• THE RECORDS

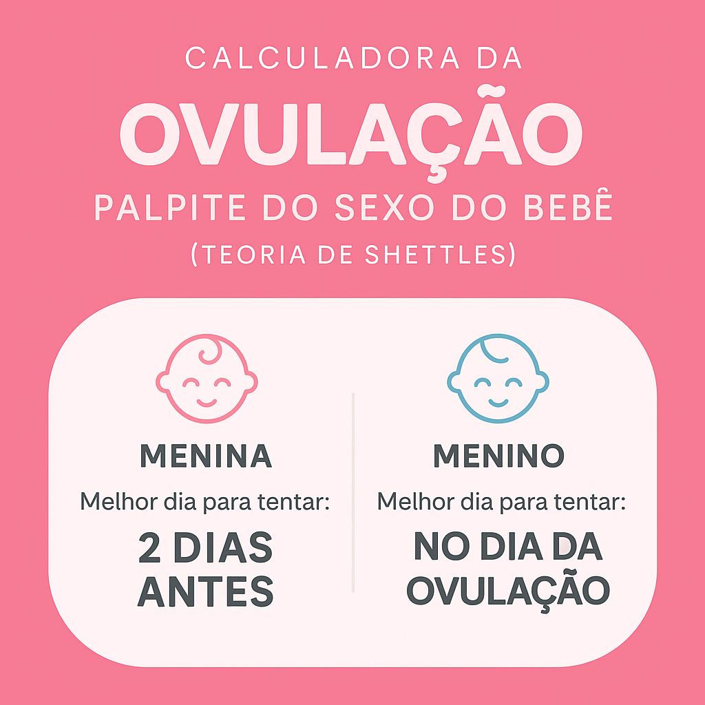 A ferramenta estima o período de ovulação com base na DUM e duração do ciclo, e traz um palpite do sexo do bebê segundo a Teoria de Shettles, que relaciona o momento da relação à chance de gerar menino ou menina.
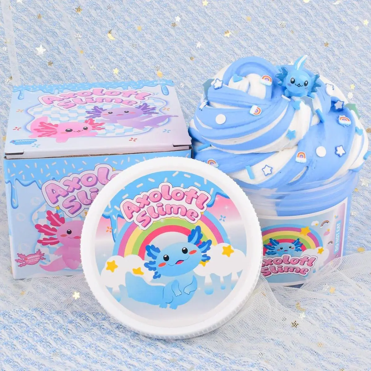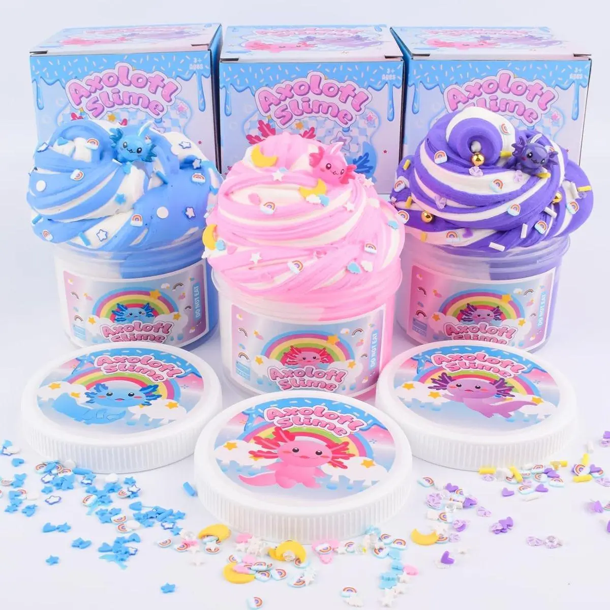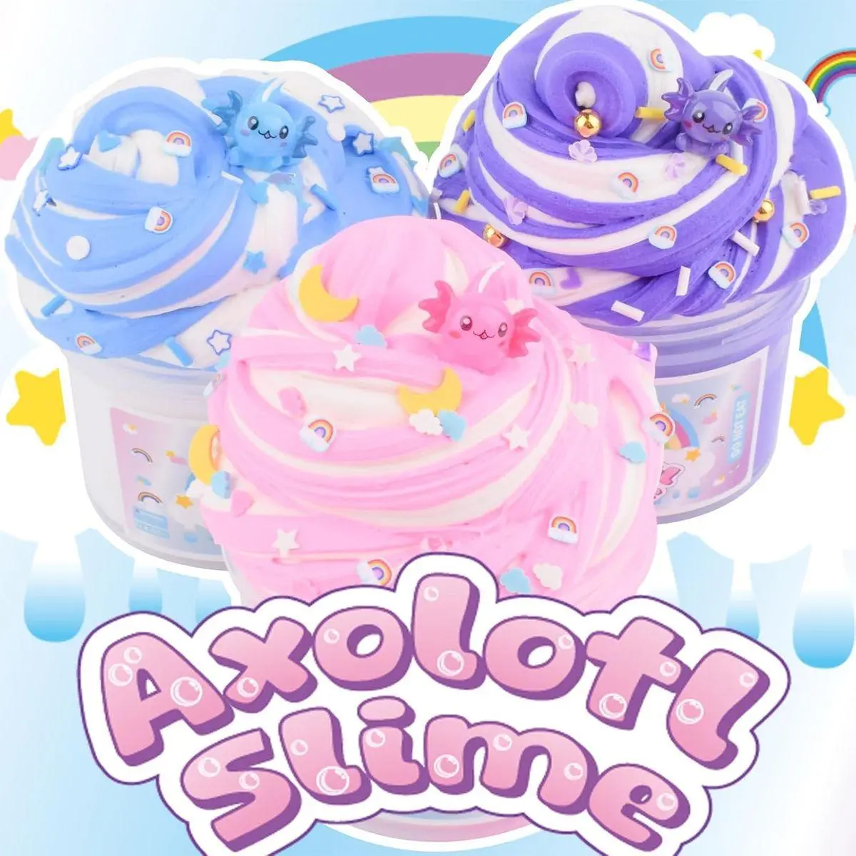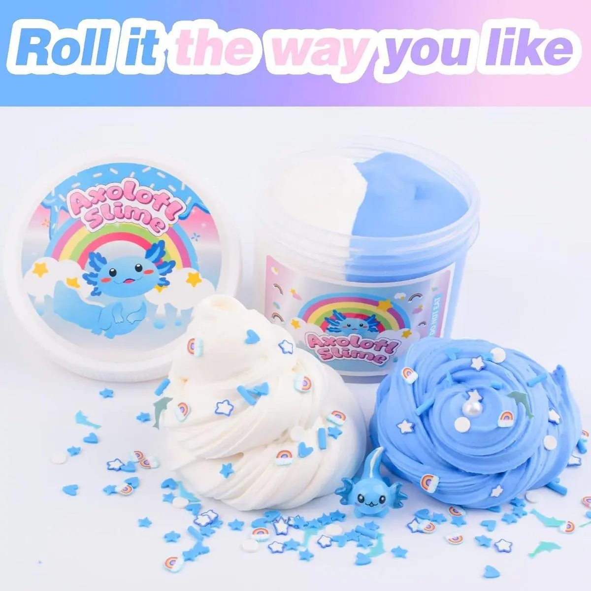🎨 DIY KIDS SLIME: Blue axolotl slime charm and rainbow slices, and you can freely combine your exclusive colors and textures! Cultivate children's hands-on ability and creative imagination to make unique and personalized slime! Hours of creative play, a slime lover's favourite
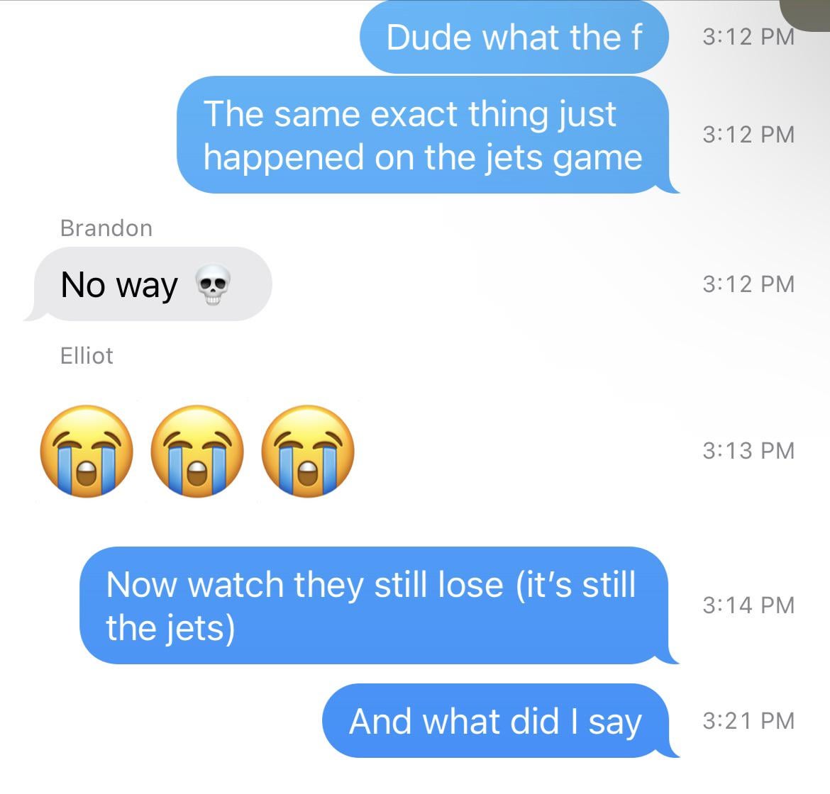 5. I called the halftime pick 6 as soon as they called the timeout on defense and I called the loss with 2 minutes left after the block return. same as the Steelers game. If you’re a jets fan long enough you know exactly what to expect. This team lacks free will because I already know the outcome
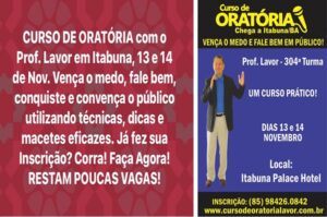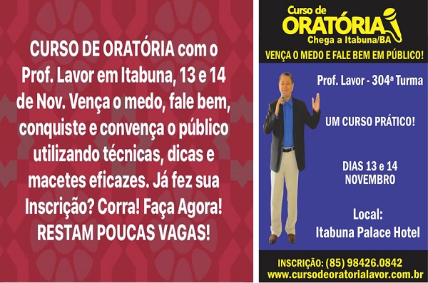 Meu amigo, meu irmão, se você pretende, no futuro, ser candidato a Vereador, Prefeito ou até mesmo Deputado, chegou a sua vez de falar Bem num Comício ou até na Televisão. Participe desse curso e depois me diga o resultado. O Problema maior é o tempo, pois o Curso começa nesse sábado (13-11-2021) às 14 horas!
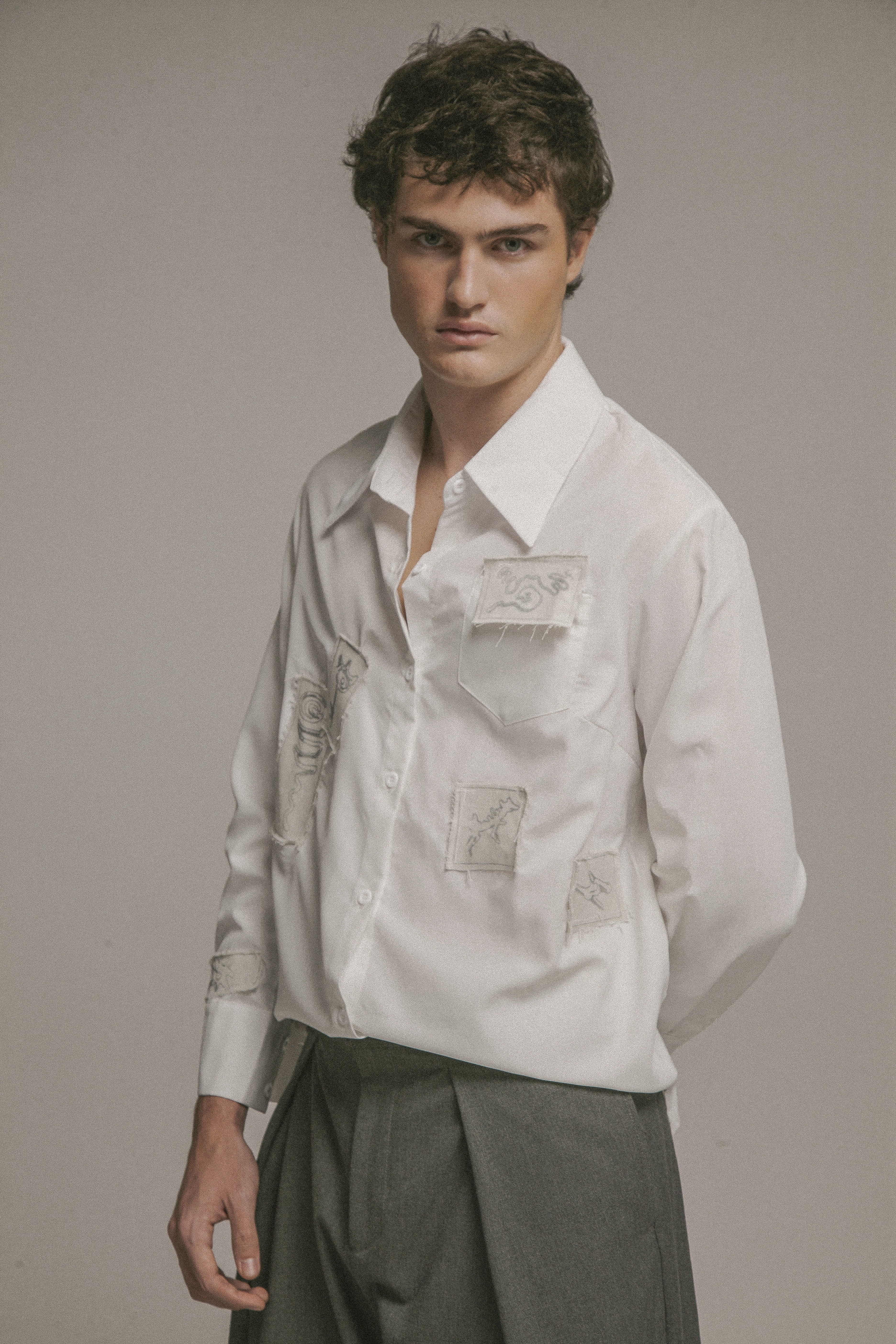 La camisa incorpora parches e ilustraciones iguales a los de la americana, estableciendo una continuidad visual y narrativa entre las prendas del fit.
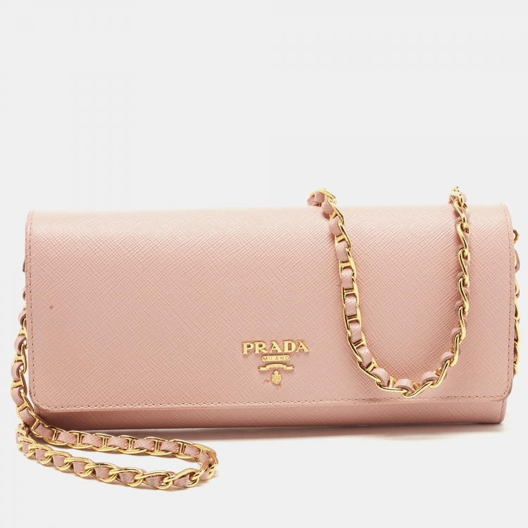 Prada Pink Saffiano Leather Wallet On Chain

• WHAT IS BEING ASKED
Only the lines from the one with "La camisa incorpora" through the last line of the records above are wanted, copied exactly and with pictures omitted.

• ANSWER TO THIS TASK
 La camisa incorpora parches e ilustraciones iguales a los de la americana, estableciendo una continuidad visual y narrativa entre las prendas del fit.
 Prada Pink Saffiano Leather Wallet On Chain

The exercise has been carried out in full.